# Task to carry out:
Please repeat the data below exactly, with the pictures removed.

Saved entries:
====

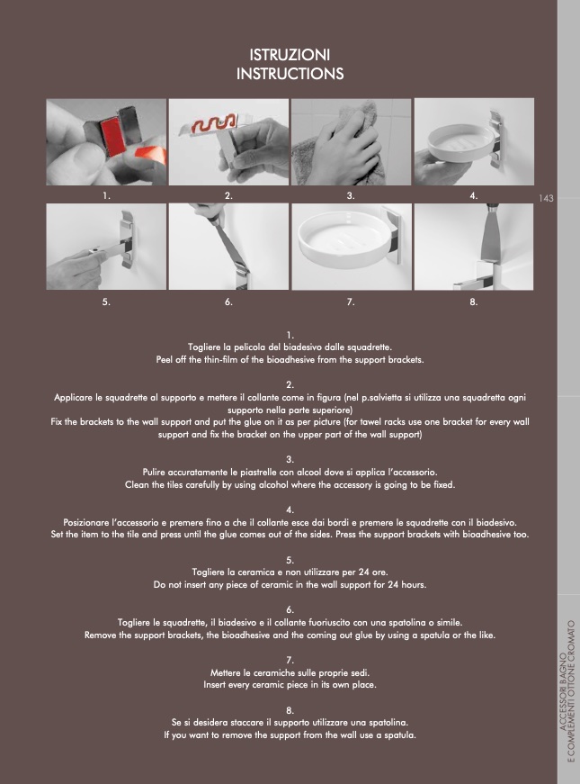 Pulire accuratamente le piastrelle con alcool dove si applica l’accessorio.
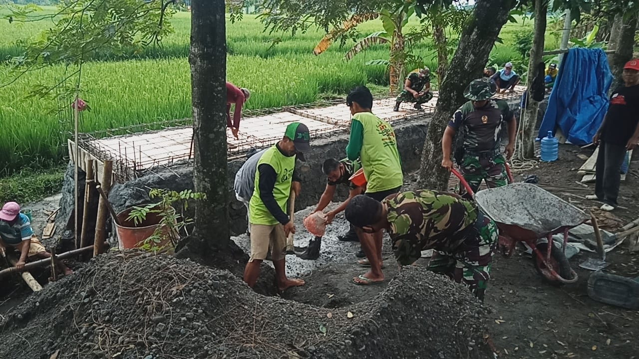 “Saya bersama Instansi terkait selalu bersama sama untuk hadir di setiap kegiatan warga masyarakat untuk memberikan solusi setiap kegiatan,kali ini dengan membangun jembatan warga yang merupakan akses ke persawahan sehingga supaya warga bisa membawa hasil panennya kerumah dengan tidak berjalan kaki,dengan adanya jembatan ini semoga menjadi bermanfaat” ujar Babinsa.
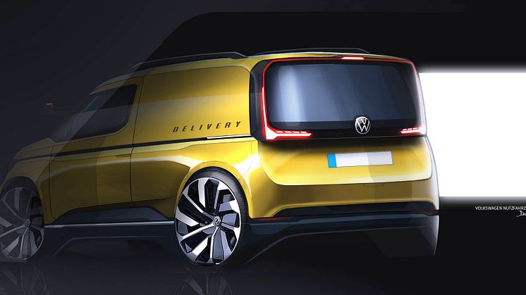 Det gælder eksempelvis de markante lodret arrangerede, smalle LED-lys bagpå. Disse vises også på personbilsversionen. Koncepttegningerne viser også et bagrudeparti, hvilket er et vigtigt element i personbilsvarianten. I overensstemmelse med kundernes ønsker fås varebilsversionen af den nye Caddy også med en bagklap uden bagrude, og man fortsætter med at tilbyde svingdøre som mulighed.
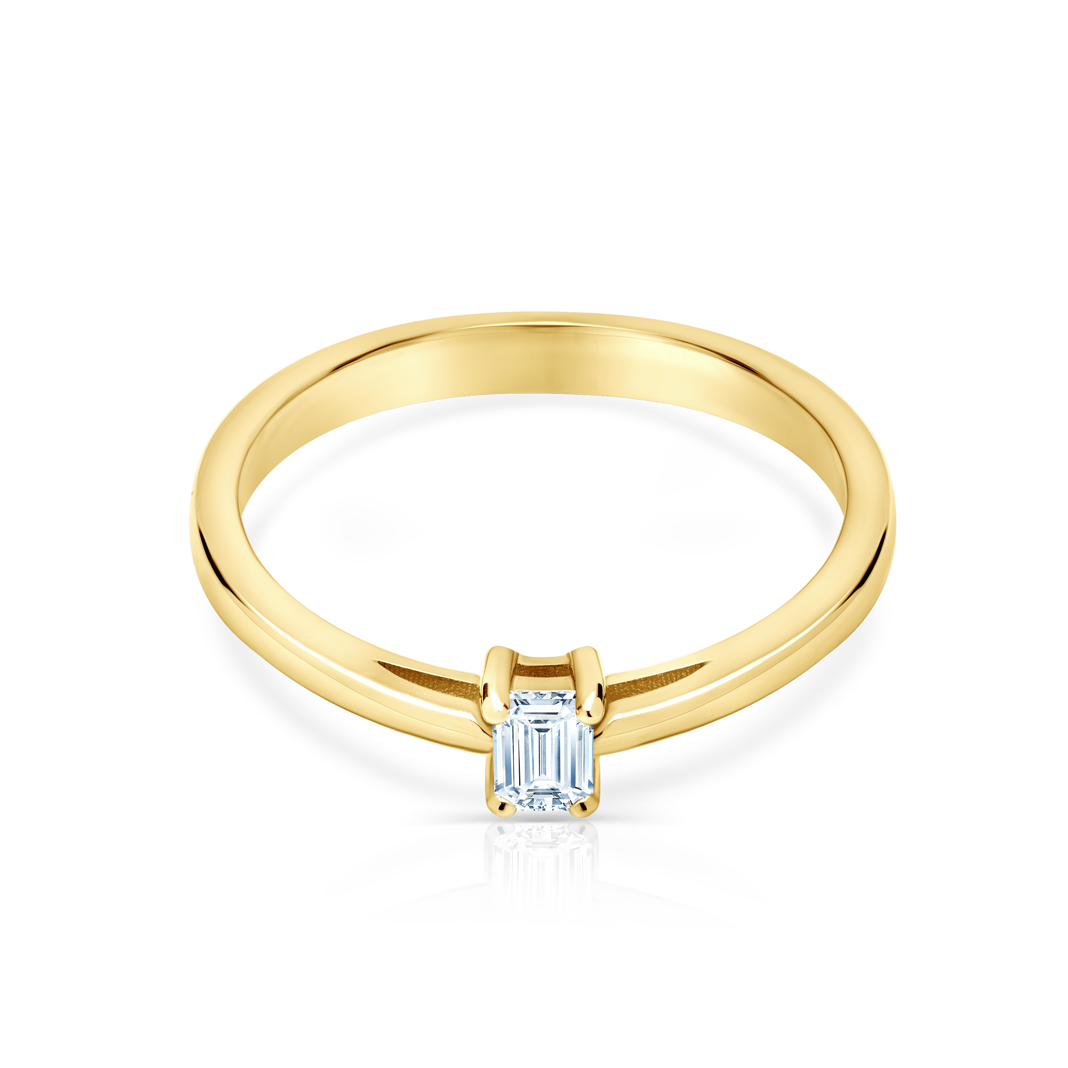 Pierścionek zaręczynowy z centralnie umieszczonym diamentem o masie 0,08 ct, szlifie szmaragdowy o wysokiej czystości i kolorze SI/H. Wykonany z 14-karatowego żółtego złota (próba 585).
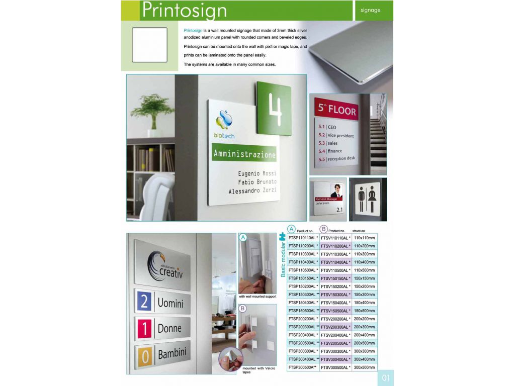 Printosign is a wall mounted signage that made of 3mm thick silver anodized aluminium panel with rounded corners and beveled edges.
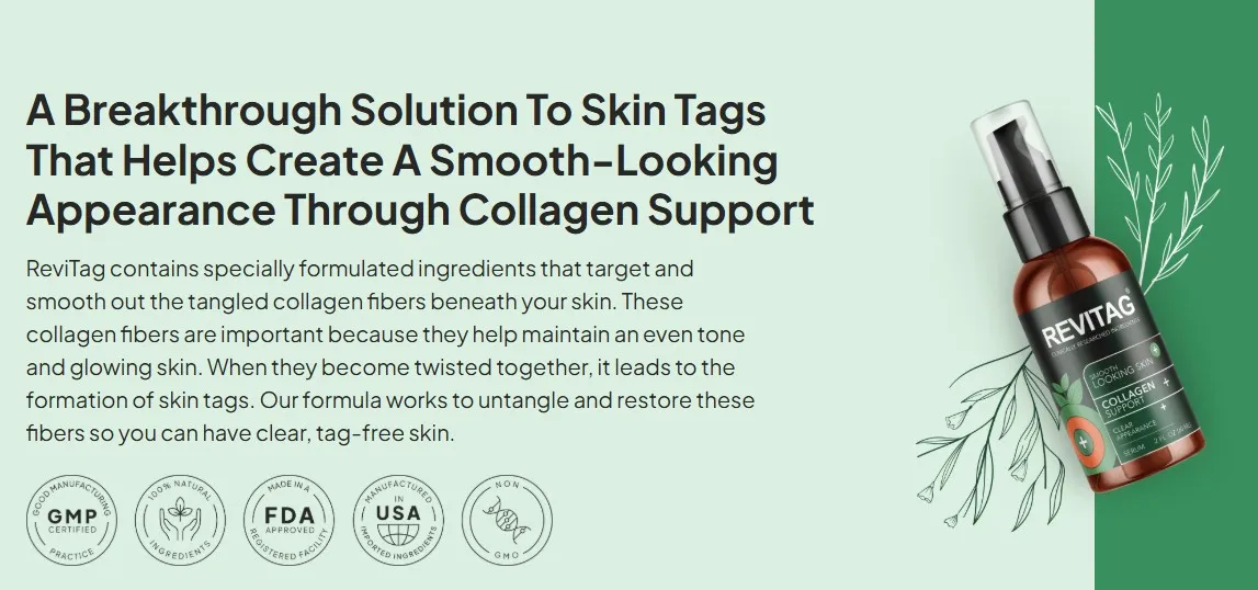 ReviTag is a natural, non-invasive serum designed to eliminate skin tags and improve overall skin health. Formulated with plant-based ingredients, it targets the root causes of skin tags by addressing tangled collagen fibers beneath the skin's surface. Manufactured in FDA-registered and GMP-certified facilities in the USA, ReviTag offers a safe and effective alternative to surgical or chemical treatments.
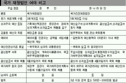 정부 여당이나 야당 모두 지난 1961년 제정한 ‘회계예산법’을 재정 환경의 변화에 따라 손볼 때가 됐다는 데는 공감대를 형성한 것이다. 그러나 한나라당안은 정부안보다 국회의 재정통제권을 한층 더 강화하고 있어 본격 심의 과정에서 치열한 공방전이 예상된다.
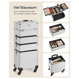 Cosmeticakoffer met wieltjes - Trolley 4-in-1 make-upkoffer - Zilver
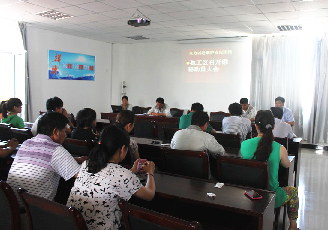 (葉兆英)7月2日中午,北方集團獨工區組織全體干群在四樓會(huì )議室召開(kāi)維穩動(dòng)員大會(huì )??傊?shū)記趙先斌落實(shí)北方集團安排,部署本公司維穩工作,成立了以班子成員為組長(cháng),各項目經(jīng)理管技人員為成員的應急小分隊。于7月1日當晚及時(shí)購回了應急服裝及所需設備,強調目前安全穩定工作的重要性,要求廣大業(yè)務(wù)干部時(shí)刻提高警惕,加強安全防范,做好值班交接記錄,保證24小時(shí)通信順暢,發(fā)現問(wèn)題及時(shí)向值班領(lǐng)導和當地公安部門(mén)上報,各項目班組做好施工現場(chǎng)安...
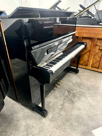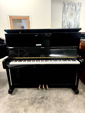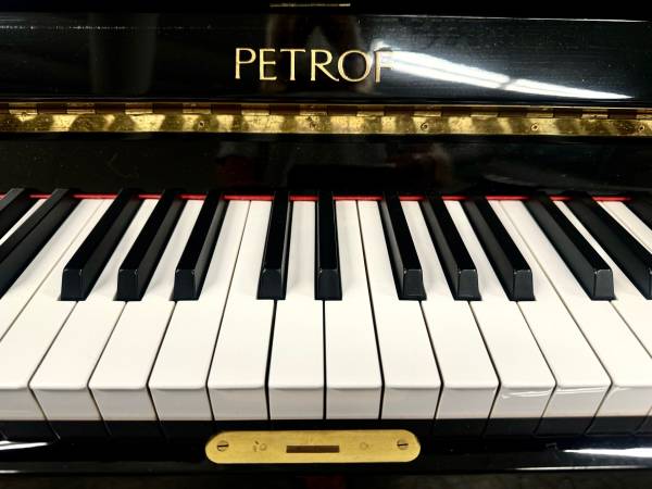 Beautiful Petrof P131 Tall Upright Piano. This piano features a polished ebony finish and straight-style legs. The tall upright size is ideal for musicians and allows for the best sound available to an upright piano. This piano has a fantastic touch and excellent sound. Inquire about this product today!
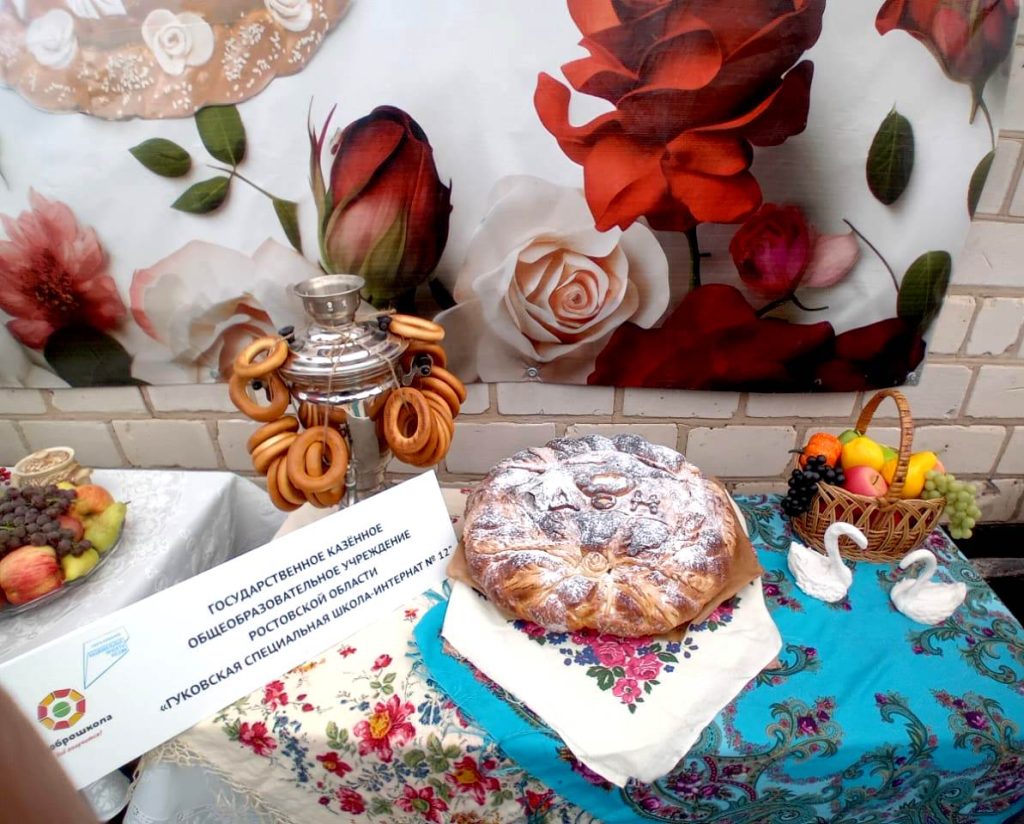 В канун праздника «Покров пресвятой Богородицы» хозяева встречали гостей со всей Ростовской области. Для участников III регионального фестиваля-ярмарки казачьих семейных традиций «Приди, Покров, на Дон с миром и добром» были приготовлены различные площадки с интересными мастер-классами. Наши обучающиеся привезли с собой в подарок русский каравай, который приготовила учитель рисования Н.Г. Скоморохова. Ансамбль народной песни » Куделица» исполнил здравицу «Рады мы Вас видеть» в честь хозяев праздника.
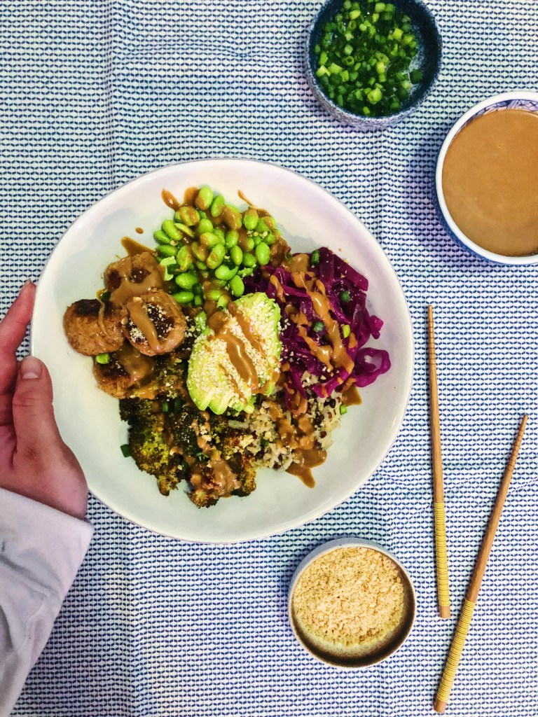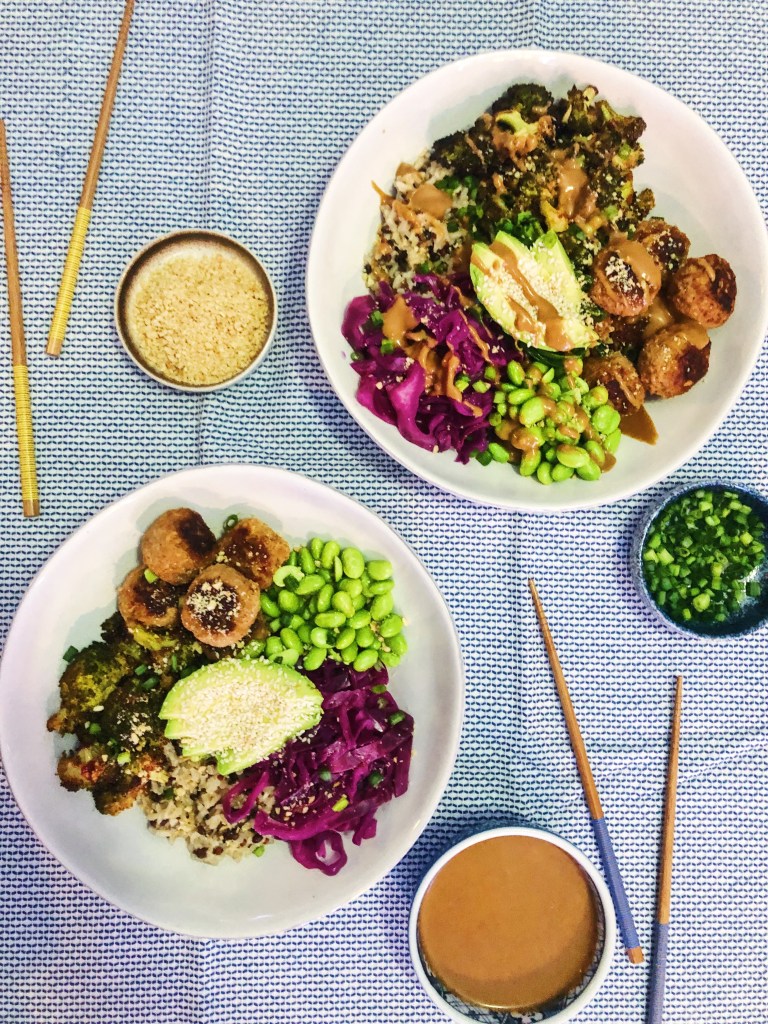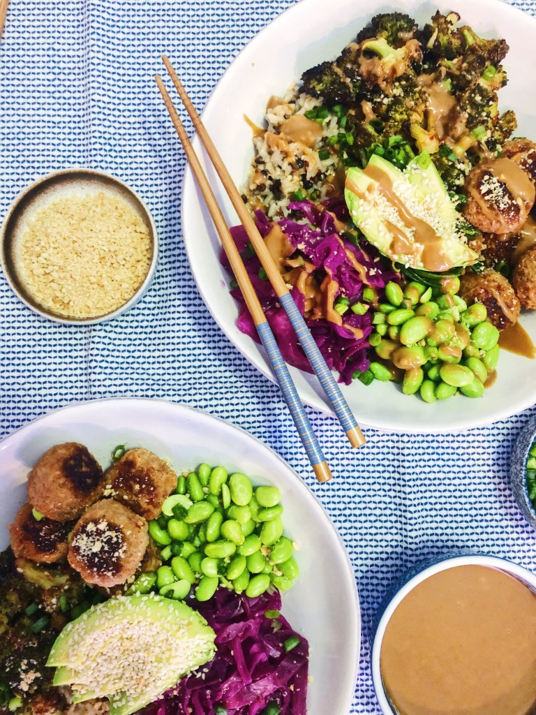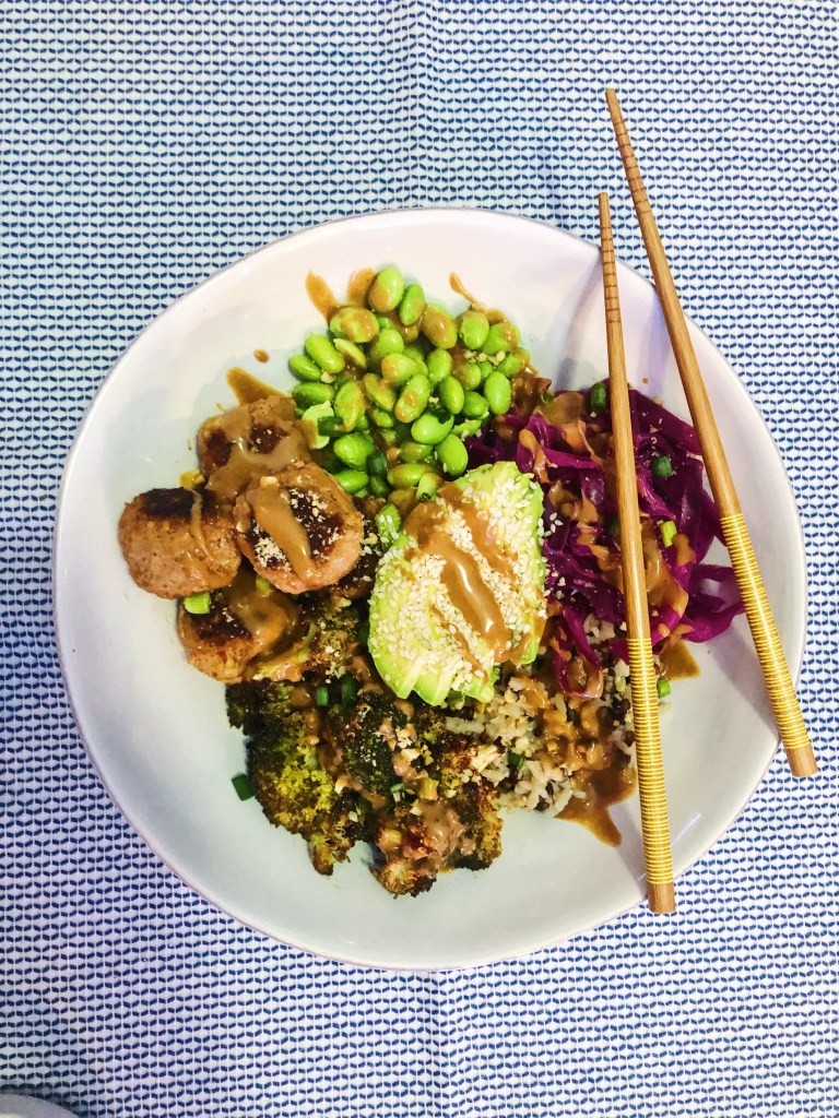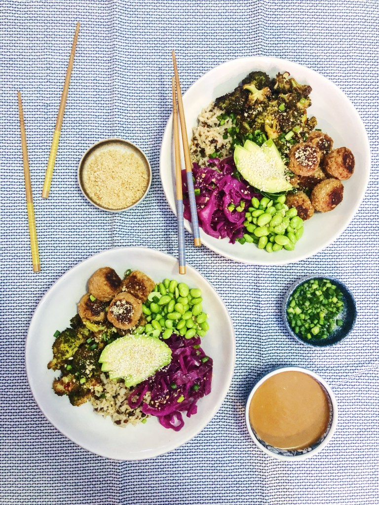 - Time to assemble the bowls! Add about 1/2 cup cook rice to each bowl. Top with 5-6 meatballs, ~1/2 cup of cabbage, ~1/2 cup broccoli, 1/4 cup edamame.
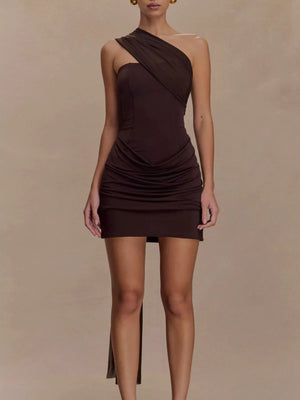 Asymmetrical One-Shoulder Ruched Mini Dress
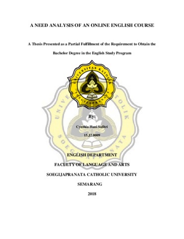 Safitri, Cynthia Hani (2018) A NEED ANALYSIS OF AN ONLINE ENGLISH COURSE. Other thesis, UNIKA SOEGIJAPRANATA SEMARANG.

====

# Exercise result:
 Pulire accuratamente le piastrelle con alcool dove si applica l’accessorio.
 “Saya bersama Instansi terkait selalu bersama sama untuk hadir di setiap kegiatan warga masyarakat untuk memberikan solusi setiap kegiatan,kali ini dengan membangun jembatan warga yang merupakan akses ke persawahan sehingga supaya warga bisa membawa hasil panennya kerumah dengan tidak berjalan kaki,dengan adanya jembatan ini semoga menjadi bermanfaat” ujar Babinsa.
 Det gælder eksempelvis de markante lodret arrangerede, smalle LED-lys bagpå. Disse vises også på personbilsversionen. Koncepttegningerne viser også et bagrudeparti, hvilket er et vigtigt element i personbilsvarianten. I overensstemmelse med kundernes ønsker fås varebilsversionen af den nye Caddy også med en bagklap uden bagrude, og man fortsætter med at tilbyde svingdøre som mulighed.
 Pierścionek zaręczynowy z centralnie umieszczonym diamentem o masie 0,08 ct, szlifie szmaragdowy o wysokiej czystości i kolorze SI/H. Wykonany z 14-karatowego żółtego złota (próba 585).
 Printosign is a wall mounted signage that made of 3mm thick silver anodized aluminium panel with rounded corners and beveled edges.
 ReviTag is a natural, non-invasive serum designed to eliminate skin tags and improve overall skin health. Formulated with plant-based ingredients, it targets the root causes of skin tags by addressing tangled collagen fibers beneath the skin's surface. Manufactured in FDA-registered and GMP-certified facilities in the USA, ReviTag offers a safe and effective alternative to surgical or chemical treatments.
 정부 여당이나 야당 모두 지난 1961년 제정한 ‘회계예산법’을 재정 환경의 변화에 따라 손볼 때가 됐다는 데는 공감대를 형성한 것이다. 그러나 한나라당안은 정부안보다 국회의 재정통제권을 한층 더 강화하고 있어 본격 심의 과정에서 치열한 공방전이 예상된다.
 Cosmeticakoffer met wieltjes - Trolley 4-in-1 make-upkoffer - Zilver
 (葉兆英)7月2日中午,北方集團獨工區組織全體干群在四樓會(huì )議室召開(kāi)維穩動(dòng)員大會(huì )??傊?shū)記趙先斌落實(shí)北方集團安排,部署本公司維穩工作,成立了以班子成員為組長(cháng),各項目經(jīng)理管技人員為成員的應急小分隊。于7月1日當晚及時(shí)購回了應急服裝及所需設備,強調目前安全穩定工作的重要性,要求廣大業(yè)務(wù)干部時(shí)刻提高警惕,加強安全防范,做好值班交接記錄,保證24小時(shí)通信順暢,發(fā)現問(wèn)題及時(shí)向值班領(lǐng)導和當地公安部門(mén)上報,各項目班組做好施工現場(chǎng)安...
 Beautiful Petrof P131 Tall Upright Piano. This piano features a polished ebony finish and straight-style legs. The tall upright size is ideal for musicians and allows for the best sound available to an upright piano. This piano has a fantastic touch and excellent sound. Inquire about this product today!
 В канун праздника «Покров пресвятой Богородицы» хозяева встречали гостей со всей Ростовской области. Для участников III регионального фестиваля-ярмарки казачьих семейных традиций «Приди, Покров, на Дон с миром и добром» были приготовлены различные площадки с интересными мастер-классами. Наши обучающиеся привезли с собой в подарок русский каравай, который приготовила учитель рисования Н.Г. Скоморохова. Ансамбль народной песни » Куделица» исполнил здравицу «Рады мы Вас видеть» в честь хозяев праздника.
 - Time to assemble the bowls! Add about 1/2 cup cook rice to each bowl. Top with 5-6 meatballs, ~1/2 cup of cabbage, ~1/2 cup broccoli, 1/4 cup edamame.
 Asymmetrical One-Shoulder Ruched Mini Dress
 Safitri, Cynthia Hani (2018) A NEED ANALYSIS OF AN ONLINE ENGLISH COURSE. Other thesis, UNIKA SOEGIJAPRANATA SEMARANG.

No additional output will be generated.